Pandemic getaways a concern for residents
Urban visitors ‘know people live here, but they don’t care ... they know there’s no enforcement’
Isolation getaway: It’s a great idea, or at least sounds like one.
Head off on your boat or RV, head to the bush with your tent and your 12-packs: Where better to be safe than in the great outdoors?
Except the shores off where you’re anchored and the forest you’re camping in, those are people’s homes, too. Think of it this way: Just because someone’s not using that patch of grass at the moment, doesn’t mean it’s not still someone’s backyard.
“They know people live here, but they don’t care,” Squamish-Lillooet Regional District chairman Tony Rainbow said. “They know there’s no enforcement, or very little.”
The district has one bylaw enforcement officer, based in Pemberton, and she works just two days a week.
The traffic is steady, he said. One car travelling in Paradise
Valley was clocked going 140 kilometres an hour in a 30-km/h zone.
One area resident, Geoff Park, sent Rainbow a photo showing a handful of parked cars: “Driving home (on Sunday),” he emailed Rainbow. “Group of about 12 bikers having a close gathering. And a totally separate group of about four or five people having a picnic, complete with folding picnic table.”
The were all adults and clearly not from the area.
“It’s a nuisance,” Rainbow said, “but of more concern is it flies in the face of everything (provincial medical health officer) Bonnie Henry is saying.”
It’s not like the province, or at least its wilderness, has shut down. Some places are open; hunters and fishers are still being granted licences.
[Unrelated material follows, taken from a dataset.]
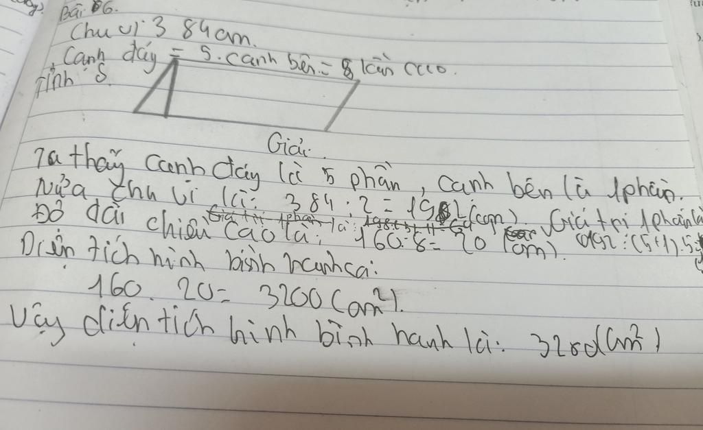 Vì độ dài cạnh đáy bằng $5$ lần cạnh kia nên cạnh đáy là:
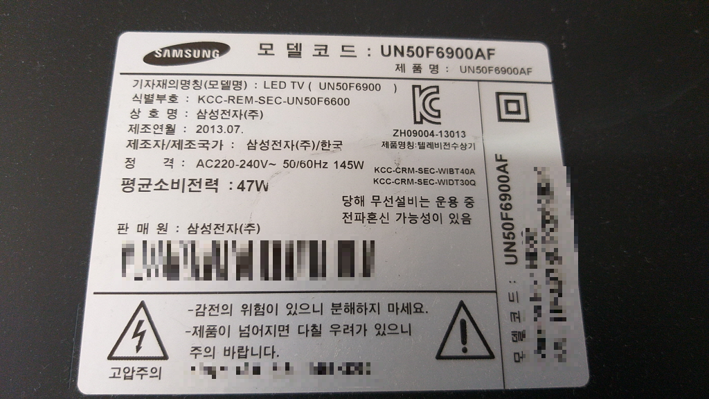 이상으로 전원 켜지고 소리(음성)도 출력되나 화면에 영상이 어둡게 보이는 UN50F6360AF, UN50F6400AF, UN50F6420AF, UN50F6450AF, UN50F6600AF, UN50F6700AF, UN50F6800AF, UN50F6900AF 50인치 TV 고장 수리 사례였습니다.

But a lot of tourist destinations have hung out signs saying: please don’t come.
“People with the financial means to escape urban lockdown are exercising their privilege to do so,” said Dan Bertrand, regional director of the Central Coast Regional District, an area encompassing 22,000 square kilometres.
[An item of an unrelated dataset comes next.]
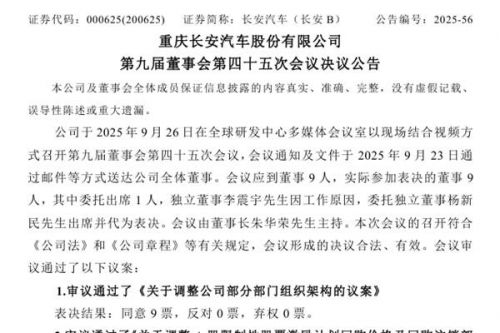 重庆长安汽车股份有限公司(简称:长安汽车)于2025年9月26日召开第九届董事会第四十五次会议,审议通过了《关于设立海外子公司的议案》、《关于长安汽车投资(深圳)有限公司设立飞行汽车合资公司的议案》等。接下来,长安汽车将设立海外子公司以及飞行汽车合资公司。 9月23日,长安汽车曾在投资者互动平台表示,公司将持续打造新技术,守护用户新安全,加快布局人形机器人、飞行汽车等未来新兴产业
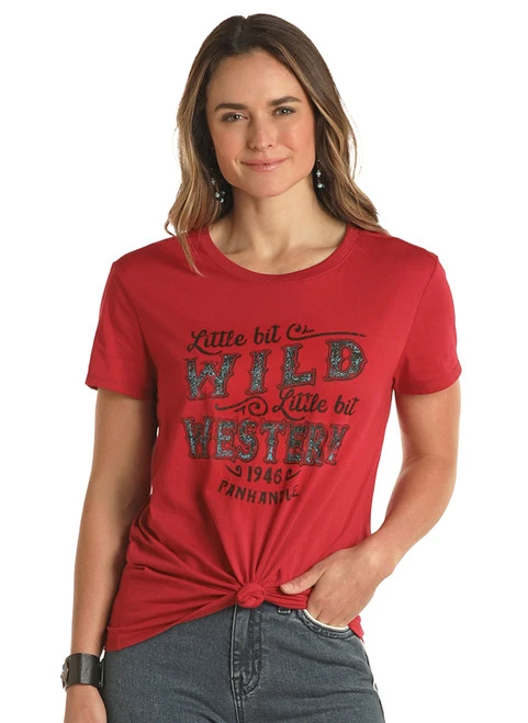Panhandle Little Bit Wild & Little Bit Western Tee is a red short sleeve tee shirt with vintage print on the front. Women’s casual T-shirt reads “Little bit WILD, Little bit WESTERN” and has 1945 Panhandle print underneath. The blue Wild and Western letters in antique font really pop against the red!

“We’re concerned about folks coming in and bringing COVID-19 with them. We need the provincial government to step up and support First Nations because those people may bring COVID-19 into the island communities.
“It’s a case study, a classic example, of why we need government regulations.”
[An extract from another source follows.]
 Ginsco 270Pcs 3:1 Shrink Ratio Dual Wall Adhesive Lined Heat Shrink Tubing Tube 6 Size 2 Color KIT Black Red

A non-essential travel ban isn’t a radical idea, he said. Our freedom-loving neighbours in Alaska have implemented a statewide one, for instance.
So has the Northwest Territories.
The Inside Passage, basically a marine highway between Washington State and Alaska, is bustling with boats, the ones from Washington and Oregon presumably having entered Canadian waters before the border closed, joining yachts from the Lower Mainland and Vancouver Island.
“They stop in for supplies and provisions,” Bertrand said. “It brings a lot of concern to the residents here.”